First of all, inspect your top bows for fit and operation. Its pointless to install a new top on bows that don’t work.

There are three types of bows. This write-up will be for a Folding top, by far the most common.  If I get one of the others in the shop, I will add more info and pics.

Early cars came with either Scissors tops or a Stow-Away tops. Scissors tops are not particularly well liked and should only be used if you have an early car and want to keep it original. 

If the bows drop into a rectangular socket and are not bolted to the header rail, you’ve got a Stow-Away top. Its possible to use a Stow-Away hood on a later car and its possible to install a later Folding hood onto an earlier car. Some people like the option of removing the top in the summer to gain the extra space and Stow-Away tops make that easy.  

’71 and later cars came with a Folding top. If your bows bolt to the car body and doesn’t have a weird scissor-like deal above the doors, its a Folding top. Additionally, there is also the choice of fixed or zip-out window. That is completley up to you. Fixed windows tend to stay nice and taught, which improves visibility. Zip out windows let you zip the window out for better ventilation, but the window tends to go a bit wavy when zipped in place, as there is less tension over time. Your choice, they install the same.

Once you know what top to order, be sure to order a new header seal.  Also, have a look at the aluminum strip that holds the header seal. If yours is beat up, order one of those too.

If you still have a top on the car, check it for operation. Make sure it goes up and down smoothly and ends up centered on the windscreen. Check the shape of the bows, they should be smoothly convex as they go from side to side, not flat across the top from having boxes piled on top. If you need to adjust or fix things, now would be a good time to razor blade the old top off. Starting from just aft of the wing window, where the inner snap flap joint is, cut up through the sewn seams, then straight across the top to the other side. Don't worry about the part left on the header. We are just looking at the bows now. If you have a Folding top, the rear bow may be attached to the hood with little cloth strips called listing. Slice that off too. Extract the anchor bar from the rear edge of the old top and save it. 

I prefer to remove the bows for cleanup, but you can do it in place. If you are at all on the fence about whether you need to sand and paint your bows, err on the side of paint. You will be staring at them for 5-10 years before you get another chance.

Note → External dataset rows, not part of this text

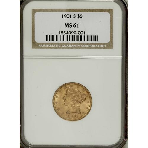 1901-S $5 MS61 NGC. NGC Census: (745/3585). PCGS P
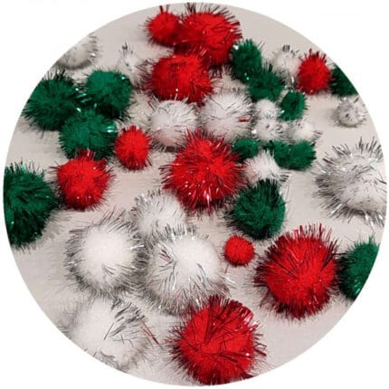 Pompony metalizowane 40 szt mix rozm biały, czerwony, zielony POM44*04677*
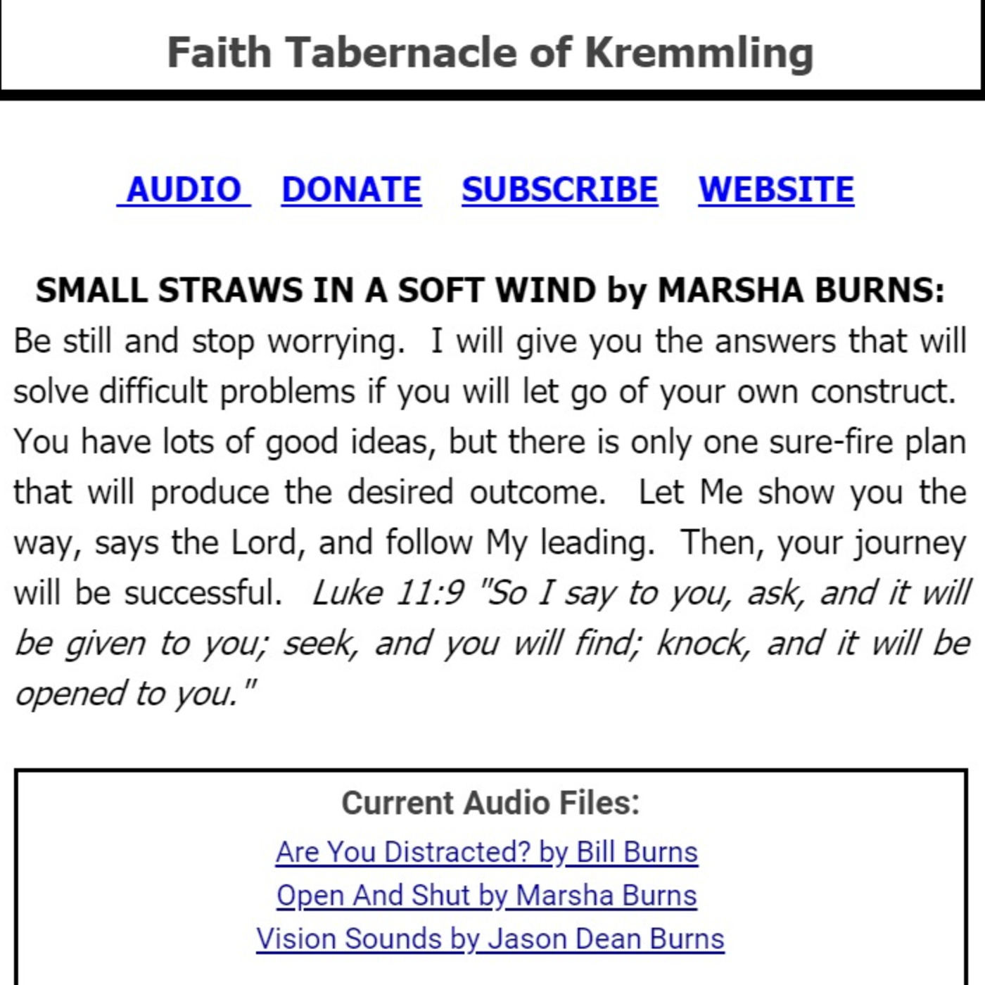 "Be still and stop worrying. I will give you the answers that will solve difficult problems if you will let go of your own construct. You have lots of good ideas, but there is only one sure-fire plan that will produce the desired outcome. Let Me show you the way, says the Lord, and follow my leading. Then, your journey will be successful. Luke 11:9 'So I say to you, ask and it will be given to you; seek, and you will find; knock, and it will be opened to you.'"
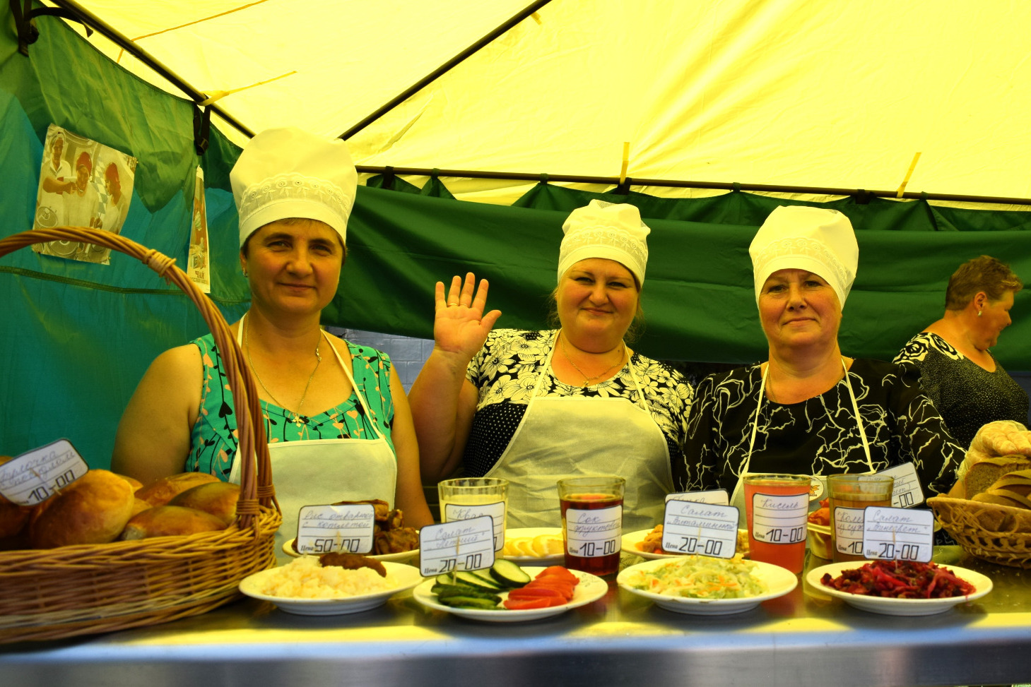 В «Крестьянском дворе» песни и частушки под заливистую гармонь создавали праздничное настроение. Здесь народ угощали кашей гречневой с мясом и сливной кашей из пшена и картошки, а также разнообразной ароматной выпечкой.

(I say 5-10 years for a couple of reasons. A top will last exposed to the weather and still be perfectly functional for at least 5 years. With decent care and a carport or breathable cover, you can extend the life of at top for another 5 years, easy. Anything beyond 10 years, I consider to be “free top” territory. You heated garage folks can get decades of use, but unfortunately that is not the norm.)

I will continue as if you have Folding bows. In the case of stow-away bows you can clean them up at your leisure since they are not attached to the top. The installation and fitting at the header are the same for all hoods.

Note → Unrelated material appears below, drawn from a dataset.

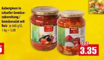 Auberginen in scharfer Gemüsezubereitung/ Gemüsesalat mit Reis Aktion bei Mix Markt

Remove your bows from the car by holding them about half way erected and by then removing the three screws (#3 Pozidriv, not Philips!) per side. This is easiest with two people. There may or may not be a plate for a tonneau bar clamped behind the bows. If the six long screws are buggered up, or any of the captive nuts in the  body are missing or loose, now is the time to replace or fix them.  If there are any cracked welds or loose rivets on the bows, now is the time to fix them. 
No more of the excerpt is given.